- What the task requires:
Your answer must be an exact copy of the lines from the one containing "Figuur 15 Raam kozijn" through the last line of the records below, with no pictures; please include nothing else.

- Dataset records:

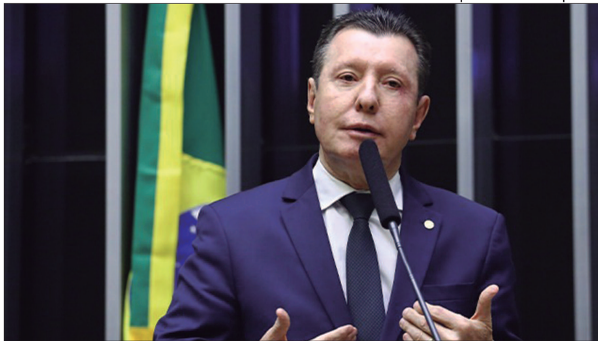
Ao O Hoje, deputado goiano afirmou ser “praticamente impossível” a fusão dos três partidos, mas avalia uma federação partidária como “viável”

Quanto às fusões, o deputado apontou que PSDB e PSD devem ser as próximas legendas a se unirem para formar um grande partido. Embora tenham sido protagonistas na política brasileira, ambos perderam força nos últimos anos. Segundo ele, a fusão entre as legendas deve ocorrer entre março e abril.
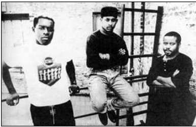
L-R: Saunderson, May and Atkins

Kevin Saunderson, Derrick May en Juan Atkins, de aartsvaders van de Detroit techno.
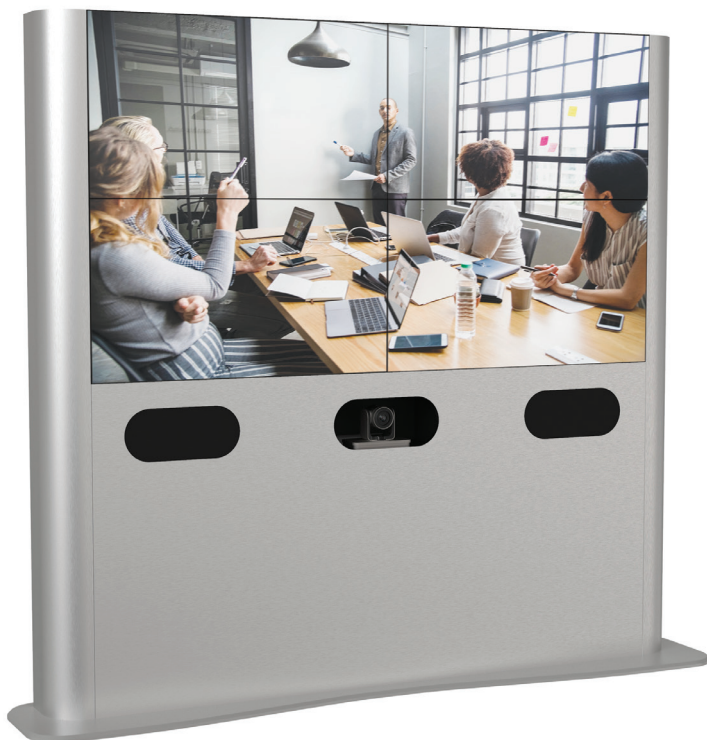
Configuration 4 écrans 46"
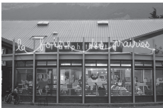
Foire des prairies, Le Pont-de-Claix, 2015

Les jardiniers, boxeurs, philatélistes, musiciens, danseurs folkloriques, twirleuses, cuisiniers, tricoteuses, bibliothécaires imaginent avec nous des attractions qui mettent en jeu le corps, invitent au mouvement.
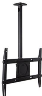
Exemple de support d'écran plafond
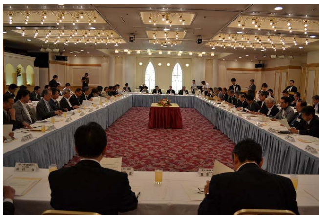
第1回青森地域産学連携懇談会の様子
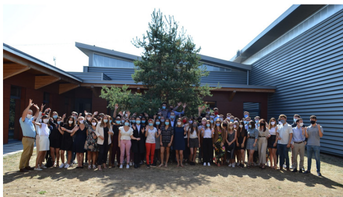
PROMOTION MIP17 CHRISTIAN DIOR 2020-2022
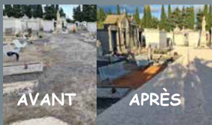
Travaux au cimetière, réfection et embellissement des allées

Les travaux de rénovation du cimetière sont pratiquement terminés.
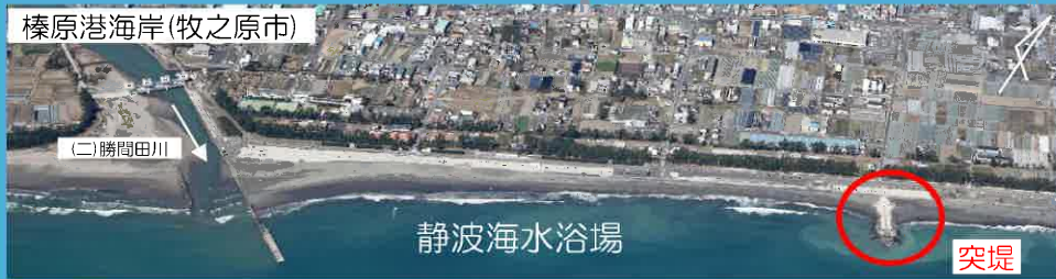
榛原港海岸(牧之原市)
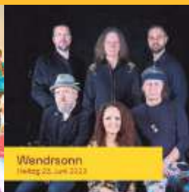
Wendrsson Freitag 23. Juni 2023
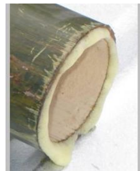
Figura 10: Agente preservativo passado sob pressão por meio dos vasos condutores.
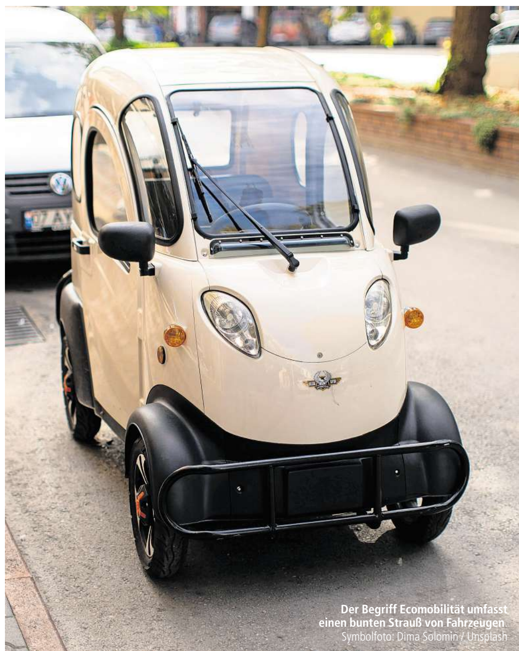
Der Begriff Ecomobilität umfasst einen bunten Strauß von Fahrzeugen.

folgt: „Sie wird künftig elektrisch sein.“ Lieferdienste können damit die letzte Meile von zentralen Depots zurücklegen und Familien Einkäufe erledigen und die Kinder zur Kita bringen.
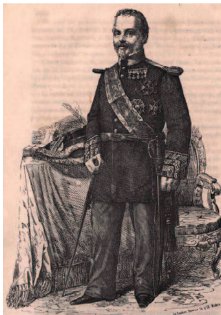
Ilustración 1. Teniente general Evaristo Fernández de San Miguel, inspector general de la Milicia Nacional. Historia de la Milicia Nacional , Madrid, 1855

La milicia, bajo cualquiera de sus acepciones, durante el reinado de Isabel II y a lo largo de gran parte del siglo XIX, fue una continua fuente de conflictos entre los partidos liberal moderado y liberal progresista; así, en 1844, tras
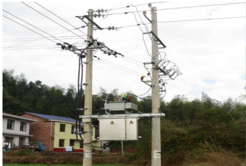
▲改造后变压器台区安装规范且美观

本报讯(记者刘玺 通讯员吴珊)2018年我市10项工作被纳入“省重点民生实事”,本报记者连日来走访相关承办单位,一起来看看他们的成绩单吧。本期报道关注行政村10千伏及以下配电网的改造和完善。
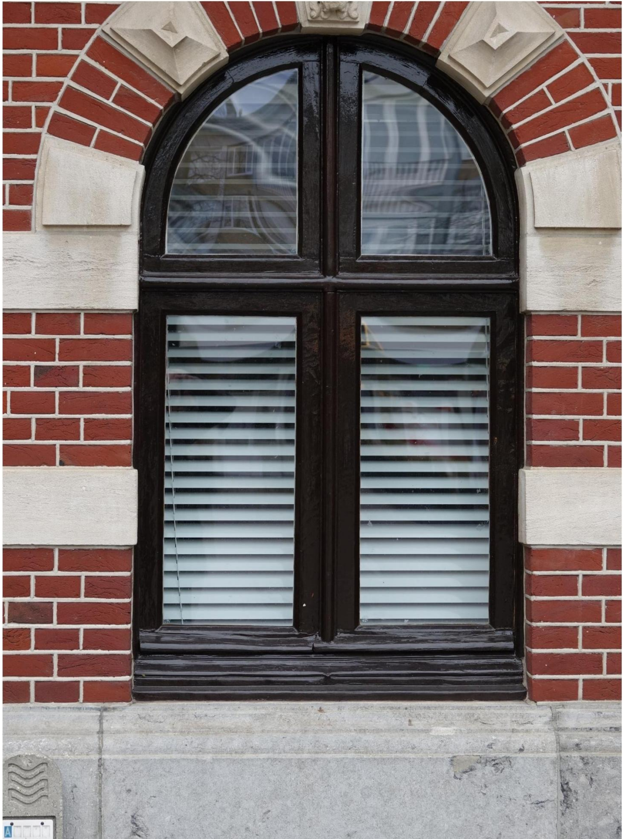
Figuur 15 Raam kozijn
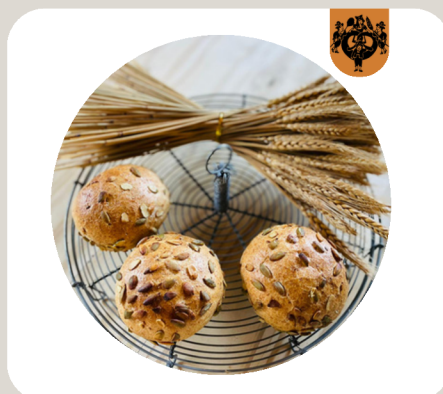
KÜRBISKERNSEMMELE 100% Weizenvollkornmehl. Kürbiskerne.

- Worked solution:
Figuur 15 Raam kozijn
KÜRBISKERNSEMMELE 100% Weizenvollkornmehl. Kürbiskerne.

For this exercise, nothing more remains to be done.